Exercise directions: Your output should be the lines below from the one with "本州(岩手南部以南)、四国、" through the one with "每当遇到一次函数调用的语句,C编译器都会", copied exactly, pictures excluded.

Extracted records:
-*-*-

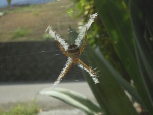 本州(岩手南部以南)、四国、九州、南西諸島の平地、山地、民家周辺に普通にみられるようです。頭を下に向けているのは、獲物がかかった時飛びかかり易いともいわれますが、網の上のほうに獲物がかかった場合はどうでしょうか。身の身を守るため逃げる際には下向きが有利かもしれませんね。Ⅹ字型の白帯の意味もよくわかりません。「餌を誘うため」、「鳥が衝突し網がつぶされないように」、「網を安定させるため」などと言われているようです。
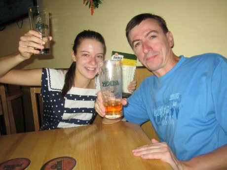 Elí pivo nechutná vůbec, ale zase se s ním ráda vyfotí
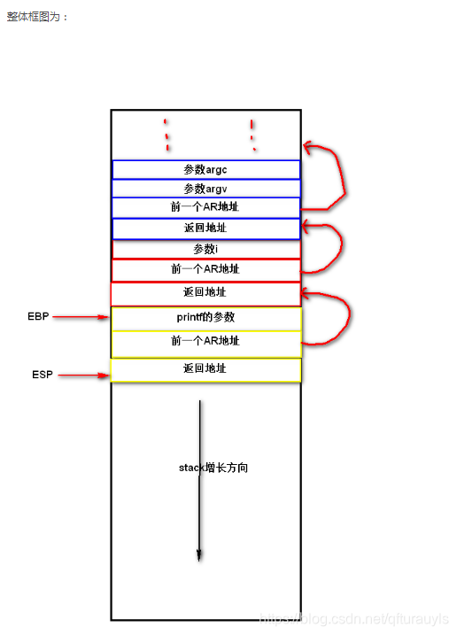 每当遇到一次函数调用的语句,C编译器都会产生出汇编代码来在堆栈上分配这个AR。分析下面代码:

-*-*-

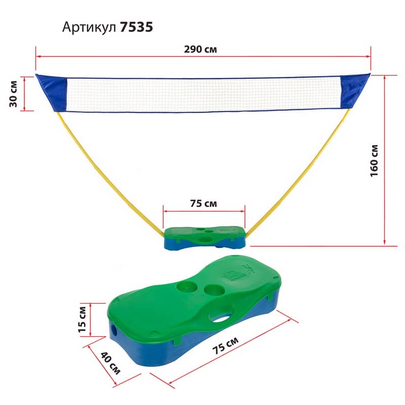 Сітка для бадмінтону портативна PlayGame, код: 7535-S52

-*-*-

Solution to the exercise:
 本州(岩手南部以南)、四国、九州、南西諸島の平地、山地、民家周辺に普通にみられるようです。頭を下に向けているのは、獲物がかかった時飛びかかり易いともいわれますが、網の上のほうに獲物がかかった場合はどうでしょうか。身の身を守るため逃げる際には下向きが有利かもしれませんね。Ⅹ字型の白帯の意味もよくわかりません。「餌を誘うため」、「鳥が衝突し網がつぶされないように」、「網を安定させるため」などと言われているようです。
 Elí pivo nechutná vůbec, ale zase se s ním ráda vyfotí
 每当遇到一次函数调用的语句,C编译器都会产生出汇编代码来在堆栈上分配这个AR。分析下面代码:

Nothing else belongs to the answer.